Re: Possible regression with skb_clone() in 2.6.36

[Date Prev][Date Next][Thread Prev][Thread Next][Date Index][Thread Index]

 




Gustavo -

Since this is now a only a discussion of blocking behavior with ERTM (and not a regression with skb_clone()), I've removed linux-kernel and netdev from the cc list. If you think they still need to see this thread, please add them back in.


On Wed, 15 Sep 2010, Gustavo F. Padovan wrote:

* Gustavo F. Padovan <padovan@xxxxxxxxxxxxxx> [2010-09-10 16:45:09 -0300]:

Hi Mat,

* Mat Martineau <mathewm@xxxxxxxxxxxxxx> [2010-09-10 09:53:31 -0700]:


Gustavo -

I'm not sure why the streaming code used to work, but this does not
look like an skb_clone() problem.  Your patch to remove the
skb_clone() call in l2cap_streaming_send() addresses the root cause of
this crash.

On Wed, 8 Sep 2010, Gustavo F. Padovan wrote:

I've been experiencing some problems when running the L2CAP Streaming mode in
2.6.36. The system quickly runs in an Out Of Memory condition and crash. That
wasn't happening before, so I think we may have a regression here (I didn't
find where yet). The crash log is below.

The following patch does not fix the regression, but shows that removing the
skb_clone() call from l2cap_streaming_send() we workaround the problem. The
patch is good anyway because it saves memory and time.

By now I have no idea on how to fix this.

<snip>

This has to do with the sk->sk_wmem_alloc accounting that controls the
amount of write buffer space used on the socket.

When the L2CAP streaming mode socket segments its data, it allocates
memory using sock_alloc_send_skb() (via bt_skb_send_alloc()).  Before
that allocation call returns, skb_set_owner_w() is called on the new
skb.  This adds to sk->sk_wmem_alloc and sets skb->destructor so that
sk->sk_wmem_alloc is correctly updated when the skb is freed.

When that skb is cloned, the clone is not "owned" by the write buffer.
The clone's destructor is set to NULL in __skb_clone().  The version
of l2cap_streaming_send() that runs out of memory is passing the
non-owned skb clone down to the HCI layer.  The original skb (the one
that's "owned by w") is immediately freed, which adjusts
sk->sk_wmem_alloc back down - the socket thinks it has unlimited write
buffer space.  As a result, bt_skb_send_alloc() never blocks waiting
for buffer space (or returns EAGAIN for nonblocking writes) and the
HCI send queue keeps growing.

If the problem is what you are saying, add a skb_set_owner_w(skb, sk) on
the cloned skb should solve the problem, but it doesn't.

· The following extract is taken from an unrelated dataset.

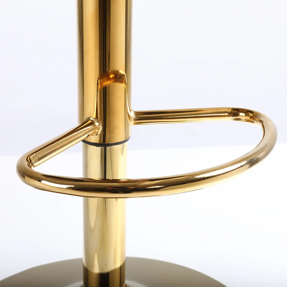 Omega Lifestyles velvet bar chair features 360-degree rotation, adjustable height, and high-density foam cushioning with a footrest for lumbar support. Stylish and stable with a non-slip base, ideal for dining rooms, bars, and kitchen seating.

That's exactly
what tcp_transmit_skb() does. Also that just appeared in 2.6.36, is was
working fine before, i.e, we have a regression here.


This isn't a problem for the ERTM sends, because the original skbs are
kept in the ERTM tx queue until they are acked.  Once they're acked,
the write buffer space is freed and additional skbs can be allocated.

It affects ERTM as well, but in that case the kernel doesn't crash
because ERTM block on sending trying to allocate memory. Then we are not
able to receive any ack (everything stays queued in sk_backlog_queue as
the sk is owned by the user) and ERTM stalls.

By reverting

commit 218bb9dfd21472128f86b38ad2eab123205c2991
Author: Gustavo F. Padovan <padovan@xxxxxxxxxxxxxx>
Date:   Mon Jun 21 18:53:22 2010 -0300

   Bluetooth: Add backlog queue to ERTM code

   backlog queue is the canonical mechanism to avoid race conditions due
   interrupts in bottom half context. After the socket lock is released the
   net core take care of push all skb in its backlog queue.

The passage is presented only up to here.